Required work:
Begin with the line below holding "Straight, 30inch, orange, lace" and go on through the line holding "三位顶尖造景师的实测反馈,已", duplicating each line exactly and leaving out pictures.

Material provided:
↓↓↓
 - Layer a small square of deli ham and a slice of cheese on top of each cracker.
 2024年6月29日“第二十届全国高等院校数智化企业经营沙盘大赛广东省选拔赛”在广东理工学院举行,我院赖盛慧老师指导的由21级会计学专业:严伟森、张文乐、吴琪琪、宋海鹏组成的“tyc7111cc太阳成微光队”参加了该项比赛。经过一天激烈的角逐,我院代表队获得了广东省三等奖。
↑↑↑
↓↓↓
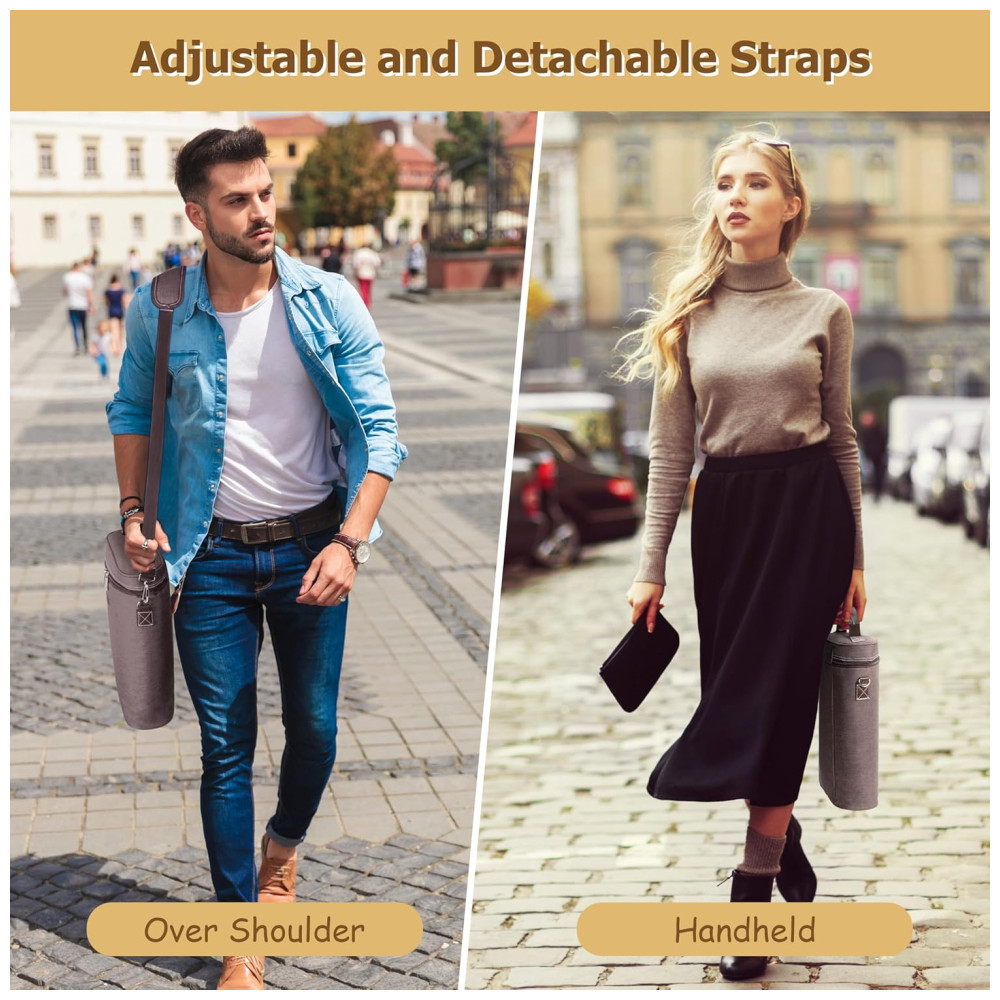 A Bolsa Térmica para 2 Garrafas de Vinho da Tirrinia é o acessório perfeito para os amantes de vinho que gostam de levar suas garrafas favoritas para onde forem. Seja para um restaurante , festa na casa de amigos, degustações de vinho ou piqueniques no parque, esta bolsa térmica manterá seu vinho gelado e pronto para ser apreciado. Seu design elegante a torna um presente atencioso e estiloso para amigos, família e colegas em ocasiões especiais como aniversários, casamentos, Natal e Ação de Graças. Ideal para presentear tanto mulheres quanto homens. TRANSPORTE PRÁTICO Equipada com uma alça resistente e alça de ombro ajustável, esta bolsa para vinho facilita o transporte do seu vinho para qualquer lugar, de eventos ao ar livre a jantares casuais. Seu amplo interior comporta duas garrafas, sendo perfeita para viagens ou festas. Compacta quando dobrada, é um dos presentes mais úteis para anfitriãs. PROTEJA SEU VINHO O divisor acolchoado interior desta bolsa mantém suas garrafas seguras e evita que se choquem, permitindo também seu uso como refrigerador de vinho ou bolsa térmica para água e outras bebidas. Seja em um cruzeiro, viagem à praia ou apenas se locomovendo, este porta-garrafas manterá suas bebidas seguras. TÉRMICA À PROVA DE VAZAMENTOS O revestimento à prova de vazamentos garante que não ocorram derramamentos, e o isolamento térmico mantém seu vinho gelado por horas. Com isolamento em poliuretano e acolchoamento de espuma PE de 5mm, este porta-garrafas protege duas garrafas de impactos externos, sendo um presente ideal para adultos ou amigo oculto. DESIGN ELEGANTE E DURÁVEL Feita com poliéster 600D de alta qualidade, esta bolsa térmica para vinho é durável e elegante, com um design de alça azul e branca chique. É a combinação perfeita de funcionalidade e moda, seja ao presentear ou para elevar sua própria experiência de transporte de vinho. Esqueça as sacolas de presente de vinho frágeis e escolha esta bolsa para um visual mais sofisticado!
↑↑↑
↓↓↓
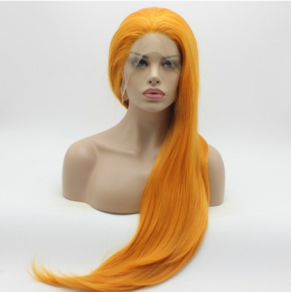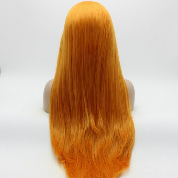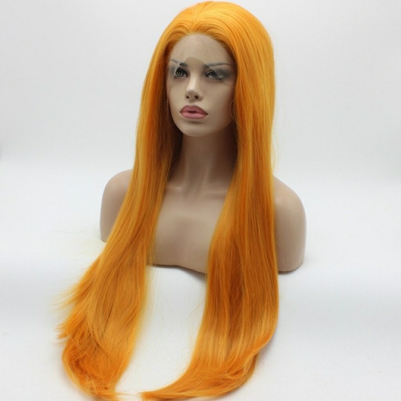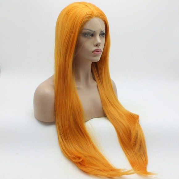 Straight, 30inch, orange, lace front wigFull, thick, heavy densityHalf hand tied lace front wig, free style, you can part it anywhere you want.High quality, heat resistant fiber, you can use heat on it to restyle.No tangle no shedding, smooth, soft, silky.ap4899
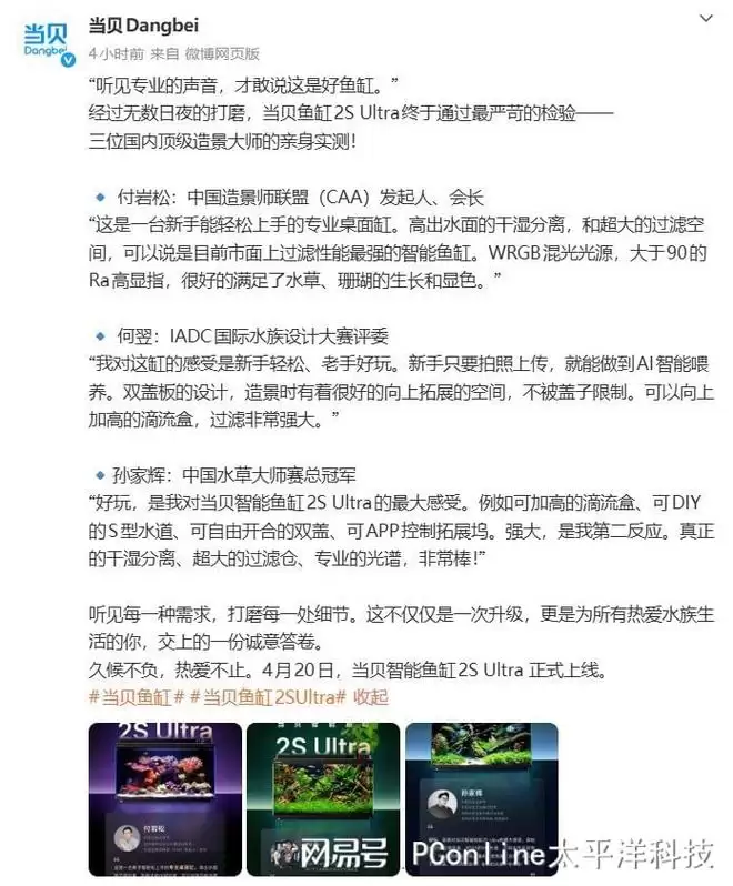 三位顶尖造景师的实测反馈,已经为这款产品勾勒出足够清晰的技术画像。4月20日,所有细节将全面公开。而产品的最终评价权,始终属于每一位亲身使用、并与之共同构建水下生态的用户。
↑↑↑
Answer space:
 Straight, 30inch, orange, lace front wigFull, thick, heavy densityHalf hand tied lace front wig, free style, you can part it anywhere you want.High quality, heat resistant fiber, you can use heat on it to restyle.No tangle no shedding, smooth, soft, silky.ap4899
 三位顶尖造景师的实测反馈,已经为这款产品勾勒出足够清晰的技术画像。4月20日,所有细节将全面公开。而产品的最终评价权,始终属于每一位亲身使用、并与之共同构建水下生态的用户。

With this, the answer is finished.